Reallocation of the Measure E fund was tentatively established by city staff and scheduled to appear on a city council agenda during March, 2010 (pre – June city council election) — but was delayed until September 22, at which time several council members expressed various concerns, further delaying action until December 7. 

Council direction obtained on September 22 resulted in a new city staff proposal that created a $2 million (4%) reserve fund and allocated $1.5 million (3%) for a sixth athletic field at the Sports Park, for a total of $3.5 million (7%) which must be balanced by reductions to other Measure E allocation categories — within an overall fiscal setting of trimming 30% from original allocations.

City manager, Mark Deven, proposed a preferred option of removing half of this $3.5 million ($1.75 million) from each of two accounts: Library Expansion ($4.2 million — 9% of the fund) and Roads ($30.2 million — 63% of the fund).

____  Inequities Soon Arise In Measure E Allocation  ____

Measure E’s Road category was by its (nonbinding) 2006 voter-advisory set at 45% of the total fund or $30.2 million — whichever is greater.

As the Great Recession intervened in 2007 and sales-tax revenues tumbled, Measure E’s Road category soon garnered a whopping 63% of the fund — combined with another 9% being quietly diverted outside the legitimate scope of its voter-advisories — to service general capital-improvement debt — amounting to about 70% of the total fund — thereby displacing various other prominent civic purposes.

Deven’s preferred option would have reduced library revenue to about $2.4 million (5%) — suggested to be used to finally complete (develop 2000 square feet of useable vacant space) the library expansion begun two decades ago. 

Trustees’ president Traig explained to the city council that adoption of this (preferred) option would preclude library expansion promised by the terms of Measure E voter-advisories, disabling it from meeting ever-increasing community demands for library services.

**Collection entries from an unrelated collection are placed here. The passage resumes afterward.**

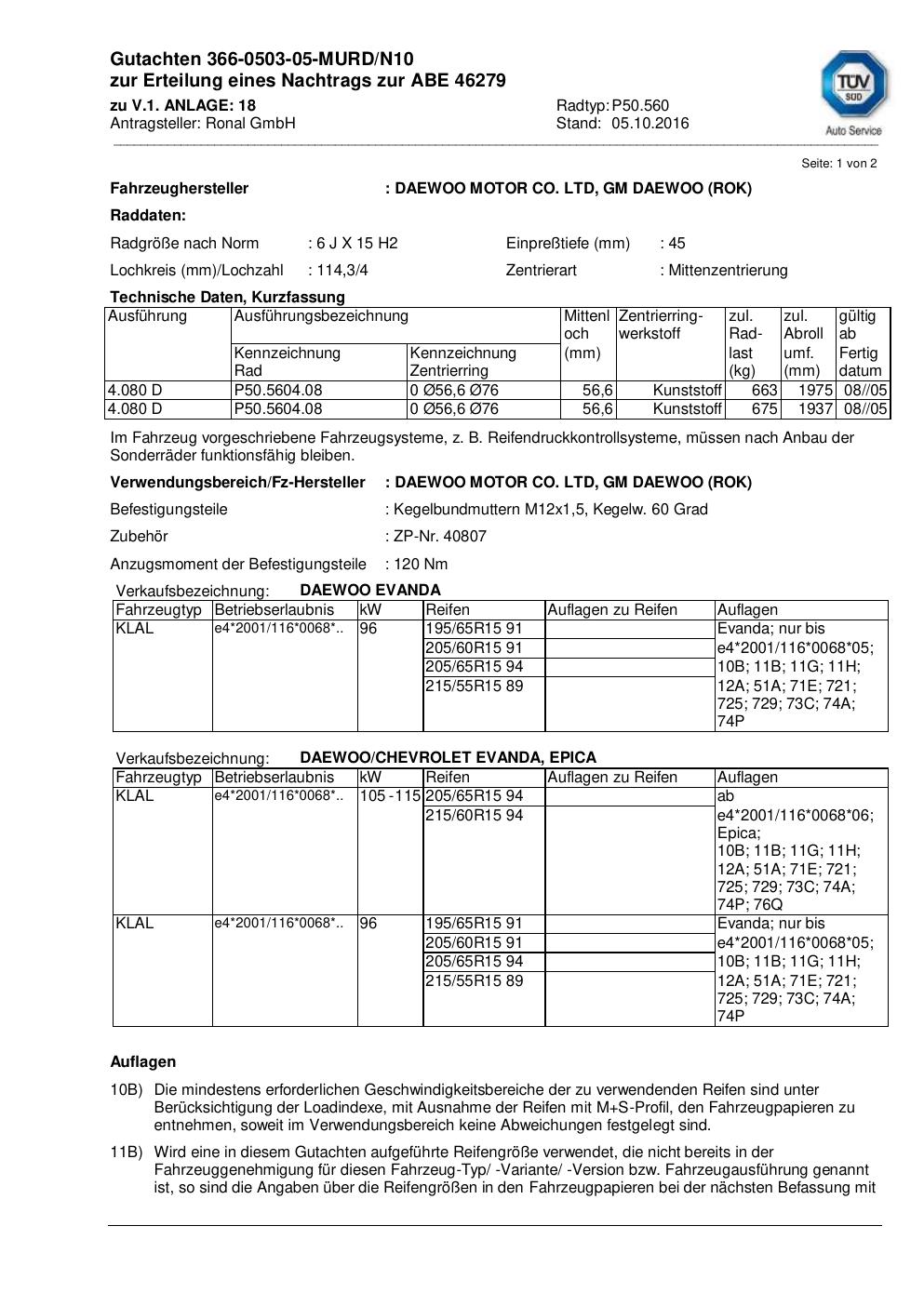 Dieses Gutachten (abe) bezieht sich auf die Alufelge Ronal P50.560 in der Ausführung 6Jx15 ET 0, Mittenloch 0 mm (KBA 46279). Im PDF findest du typischerweise zulässige Reifengrößen, Auflagen/Anbauhinweise und – je nach Dokument – Hinweise zur Eintragung.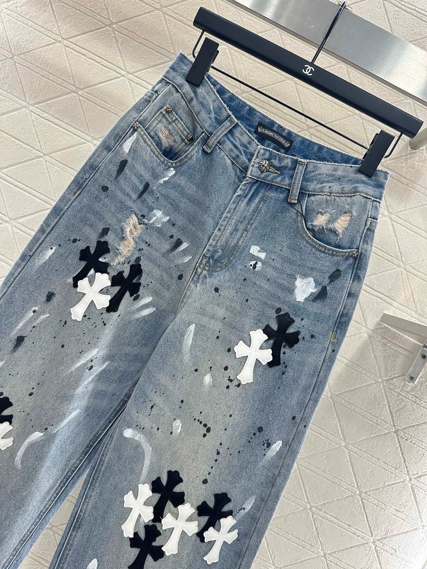CH 25 new ink-splashed cross logo jeans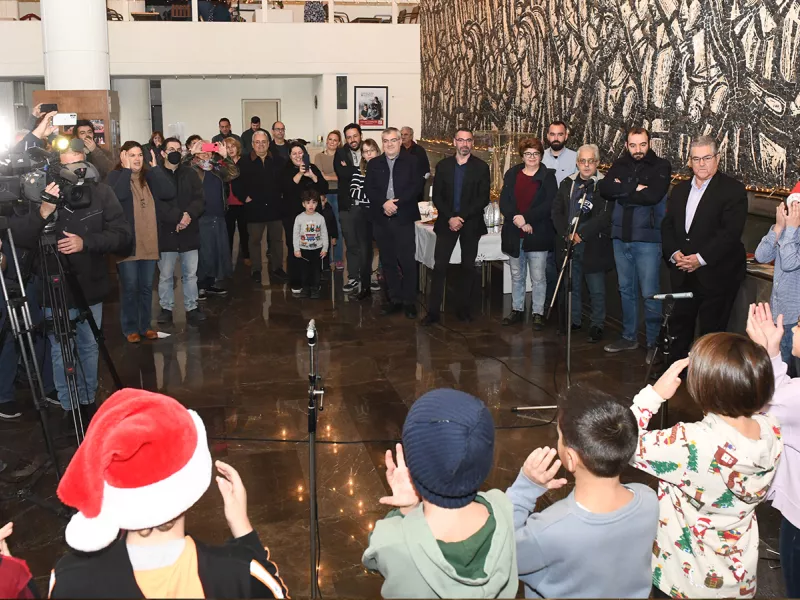 Τα χριστουγεννιάτικα κάλαντα από την παιδική χορωδία «Κόκκινο Αερόστατο» και αντιπροσωπεία του Πανελλήνιου Μουσικού Συλλόγου άκουσαν, σήμερα το πρωί, στον Περισσό ο Γενικός Γραμματέας της Κ.Ε. του ΚΚΕ Δημήτρης Κουτσούμπας και αντιπροσωπεία της Κ.Ε. του κόμματος.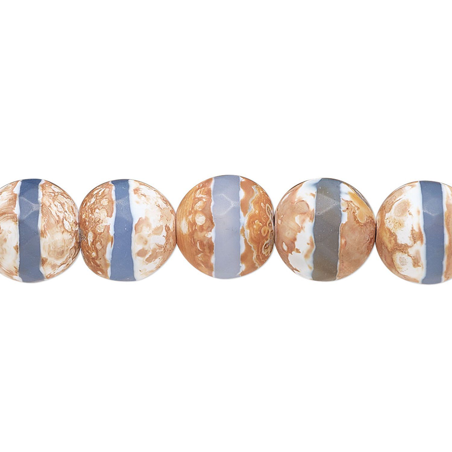 Blue brown agate 1pkg1, matte faceted round bead 8 inch 9.5-10mm
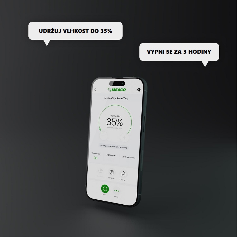 Abyste měli vlhkost v domácnosti pod kontrolou i mimo domov, můžete odvlhčovač vzdáleně ovládat pomocí aplikace v mobilním telefonu, která je zdarma dostupná pro systémy Android a iOS.
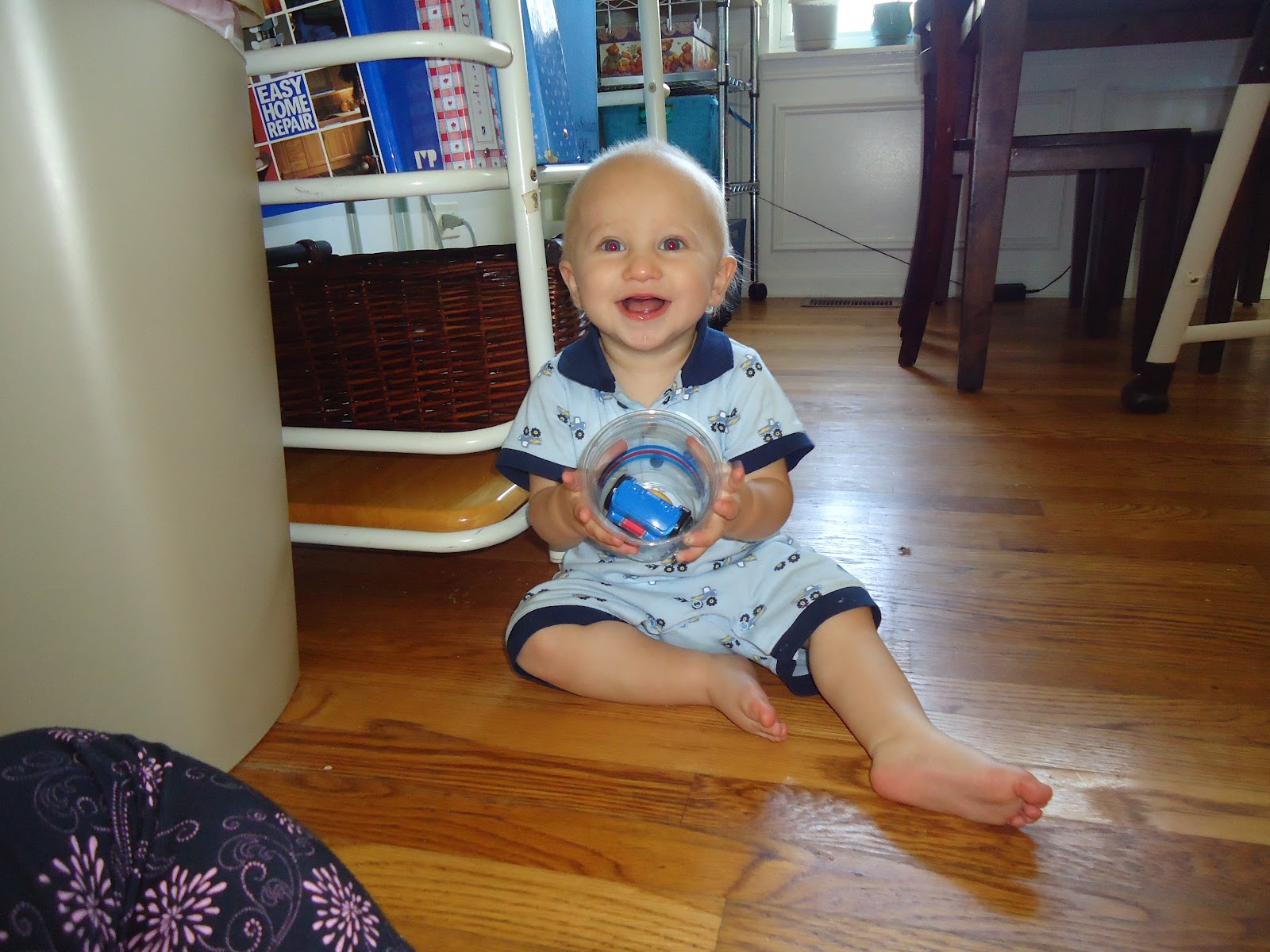 So. . . all of those toys, and he's just as entertained by a simple plastic cup. He reminds me of our cats. I used to buy them all kinds of toys, and they'd prefer to play with the plastic piece from the milk carton, a piece of dryer lint, or a ball of tinfoil.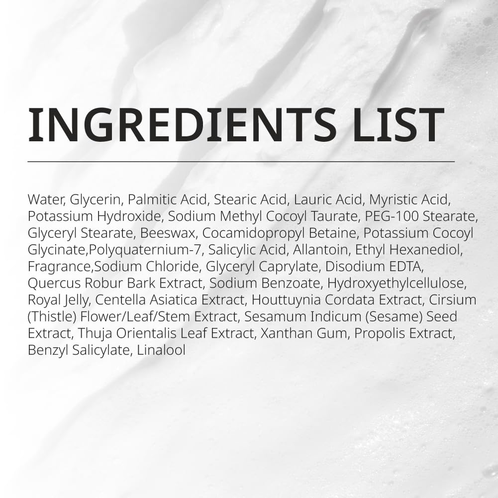 - [Smooth Skin] Using only a pea size amount of the creamy cleanser will turn into a rich bubbly soft foam that deep cleans your skin while keeping it hydrated. Our special patent substance (US Patent No. 11,154,580 B1) is especially suitable for acne-prone skin.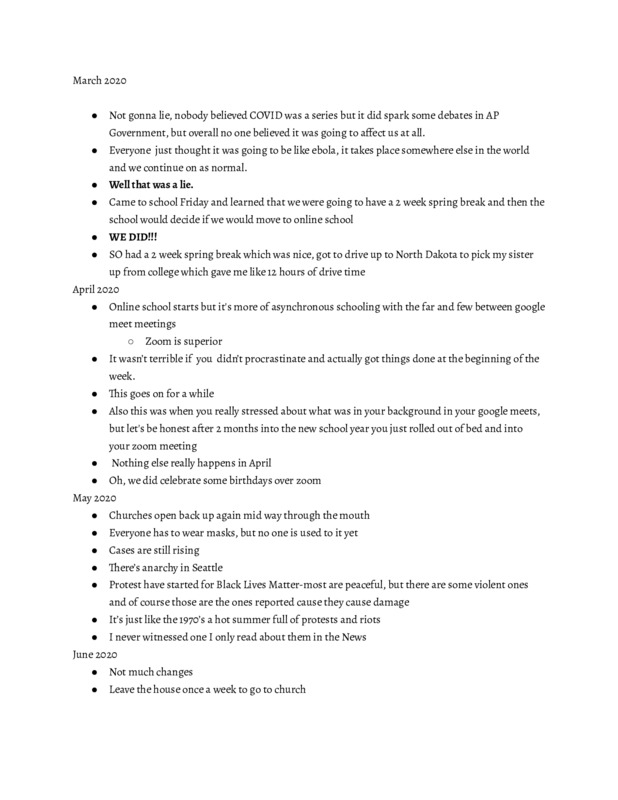Uh yeah, I mean, I guess I just experienced the same thing that every, you know, United States high-schooler experienced, it was just a random Friday in the middle of March and we went home and from there I've spent, I guess a month and a half in quarantine, you know, strict quarantine. And then of course I've been distancing from friends since then.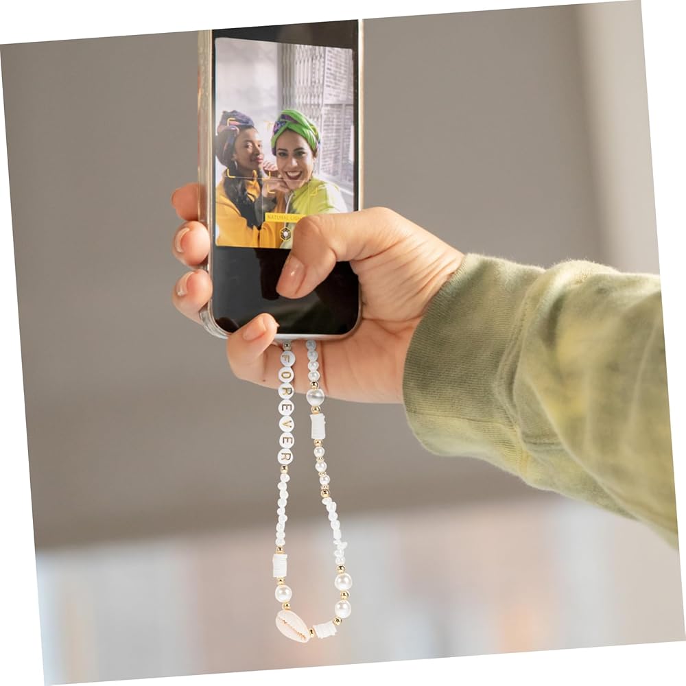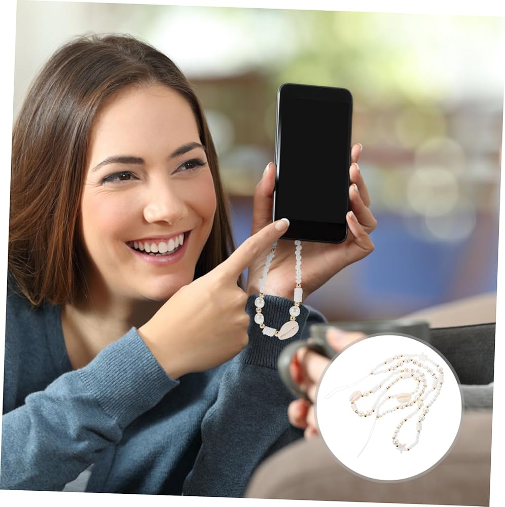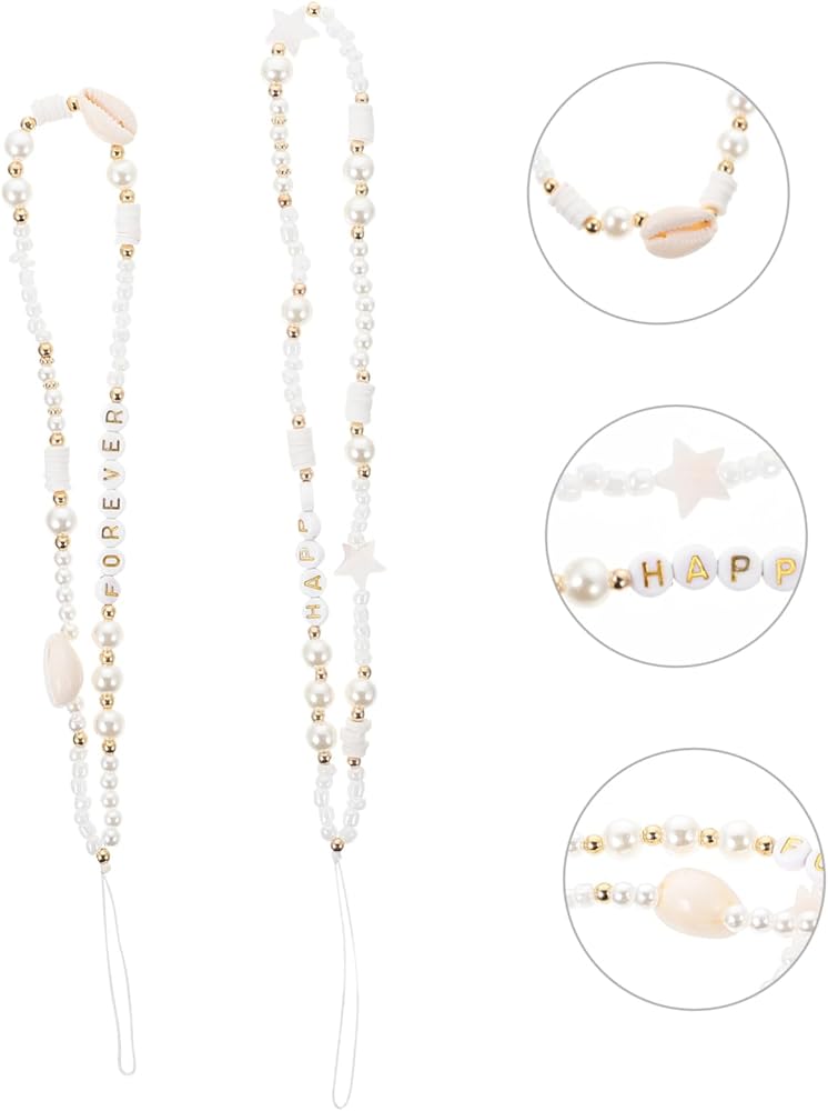 UKCOCO 2 قطع قذيفة الهاتف سلسلة إلكتروني ديكور الدعامة الهاتف البوهيمي ديكور الاكريليك الأبيض الإبداعية سلسلة الهاتف المحمول الهاتف شنقا الخرز سلسلة ديكور الهاتف شنقا الخرز سلسلة الخماسي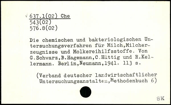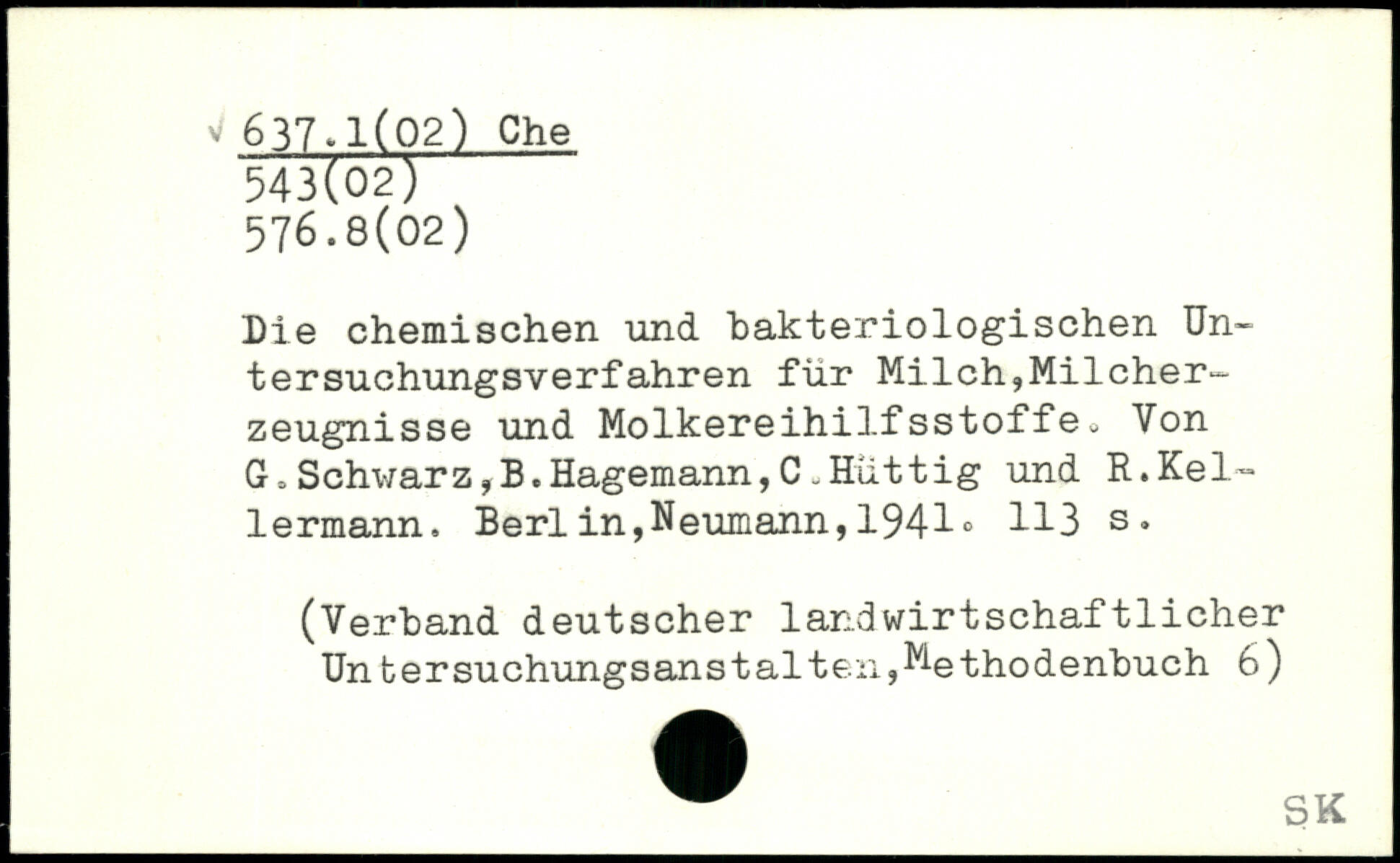 Die chemischen und bakteriologischen Untersuchungsverfahren für Milch,Milcher~ zeugnisse und Molkereihilfsstoffe. Von Gr, Schwarz?B.Hagemann, C ,Huttig und R.

Basic national standards for libraries exist, based on more than 50 years of informed analysis and understanding, and Woodland Public Library is already “sorely deficient” in this regard, described Traig to the City Council.

Generally, the Library now has only about a third (1/3) of the space, materials and resources recommended for a city the size of Woodland by the American Library Association.

____  Operational Cost Concern Partially Causes Bad Option  ____

Traig also drew attention of city council members to the structural (fiscal) issue of not properly allocating capital funds for library expansion from Measure E, due to future uncertainty regarding the library’s operational resources — implying that by using such an unsound predication — urgently needed library expansion might never occur.

City council concern about operational aspects of library expansion under Measure E funding, expressed during its September 22 meeting, had caused city manager Deven to program his revised presentation along these lines; especially so, since no form of operational-cost analysis for library expansion currently exists within the municipal 10-Year Financing Plan. 

Neither is there any sensible (“engineered,” in fiscal parlance) relationship — it was admitted by city financial staff at this meeting — between the amount of money within the Measure E category for: “Library Expansion” and actual: library expansion. 

Traig described to city council members that back in 2006, he recalled that as much as $8 million was spoken about, as likely to be provided for library expansion under Measure E, within its campaign for ballot approval, rather than its original allocation of $4.7 million (only 7%, contrasted with 45% for the Road category).

In addition, former library services director, Sandra Briggs, has previously described that a renewable source of library funding existed through an increment of municipal utility tax, connected with the original library renovation and expansion program — which was (intentionally) allowed to expire — so as not to compete with Measure E on the June 2006 ballot.

Following the council meeting, Deven personally assured Traig that such an operational-cost analysis would now become duly included within municipal fiscal projections — so that current absence of this element of economic practice does not serve to improperly impede library expansion plans. 

Deven acted in this manner, in response to the city council unanimously voting to take the entire $3.5 million to cover a fund-reserve and the sixth playing field at the Sports Park — from the Road category of the Measure E reallocation budget — reconsidering its prior concern about such operational aspects of library affairs that inclined Deven’s preferred approach.

As a result, the Road category is diminished to 56% of Measure E money ($27 million), compared with 9% ($4.2 million) for Library Expansion.

The city council also established an annual review period regarding allocations, instead of the prior bi-annual review. 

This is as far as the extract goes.